3. Subtraction of floating point

The process of adding and subtracting floating point is more complex than the process of fixed point. The process of completing a floating point addition or subtraction operation is roughly divided into four steps.

(1) Checking of the 0 operand.
        If one of the two floating-point numbers to be added or subtracted is 0, the result of the operation is known without the need to perform some sequential operations. 

(2) Comparing the magnitude of the ordinal (exponent bits) and completing the pair order.
    To add or subtract two floating-point numbers, we must first see whether the exponent bits of the two numbers are the same, i.e., whether the decimal point positions are aligned. If the two numbers have the same exponent, it means the decimal points are aligned, and the addition and subtraction of the last number can be performed.
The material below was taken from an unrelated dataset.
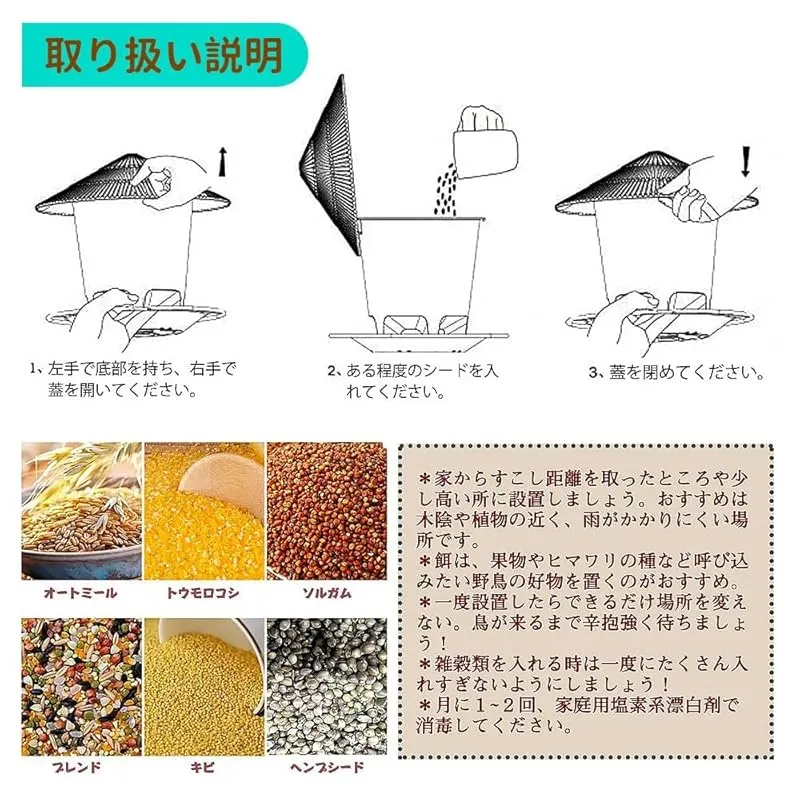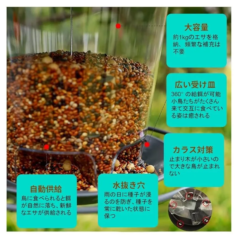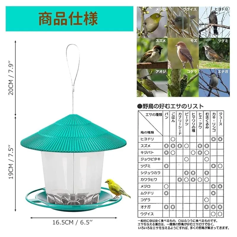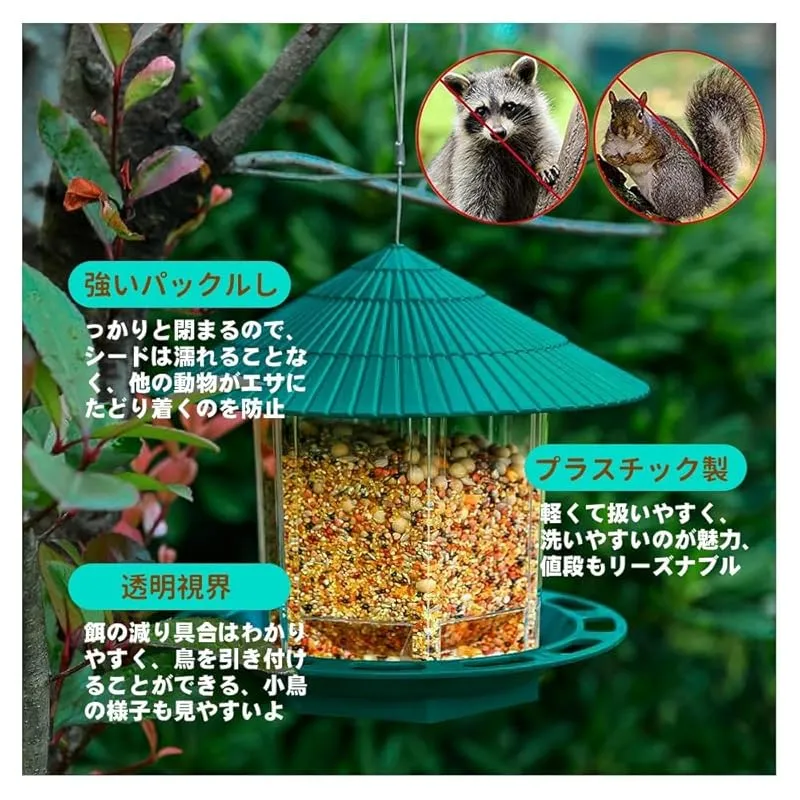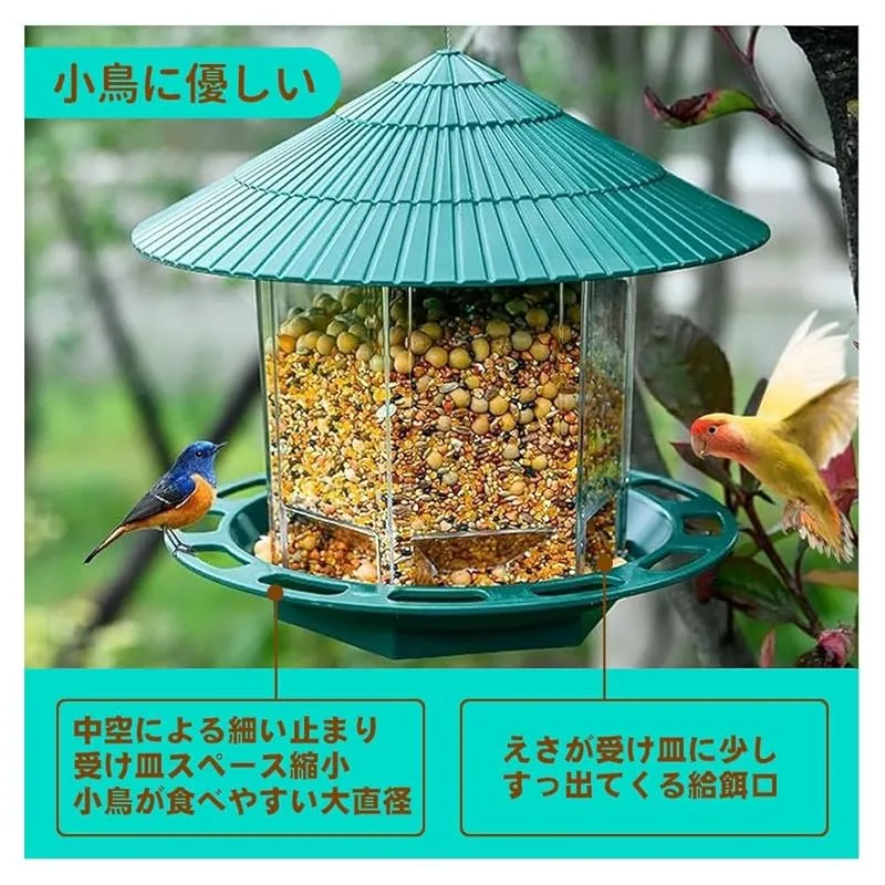 【理想的な選択】 庭の鳥の健康を便利にするために、野鳥の餌やり機をお選びください。 週に1回、鳥の餌箱を確認し、定期的に中性洗剤と水溶液で洗ってください。

On the contrary, if the two numbers have different ordinates, it means that the decimal points are not aligned, so we must make the ordinates of the two numbers the same, and this process is called pairing.

    How to pair order (assuming two floating point numbers with exponent bits Ex and Ey ).
    By shifting the mantissa to change Ex or Ey so that they are equal. Since floating point numbers are mostly speciated, shifting the trailing left number will cause the loss of the highest significant bit, resulting in a large error; while shifting the trailing right number will cause the loss of the lowest significant bit, but the error caused is smaller, therefore, the pairwise order operation requires that the trailing right number be shifted, and after the trailing right number is shifted, the order code is increased accordingly, while its value remains unchanged. Obviously, if one of the increased ordinals is equal to the other, the increased ordinal must be a small one. Therefore, in the order pairing, always make the small order to the large order, that is, the end of the small order shift to the right (equivalent to the decimal point left shift), each right shift one, its order code plus 1, until the two numbers of the order code equal, the number of right shift is equal to the order difference △ E. 

(3) The mantissa (valid digits) is added or subtracted.

(4) The result is normalized and rounded.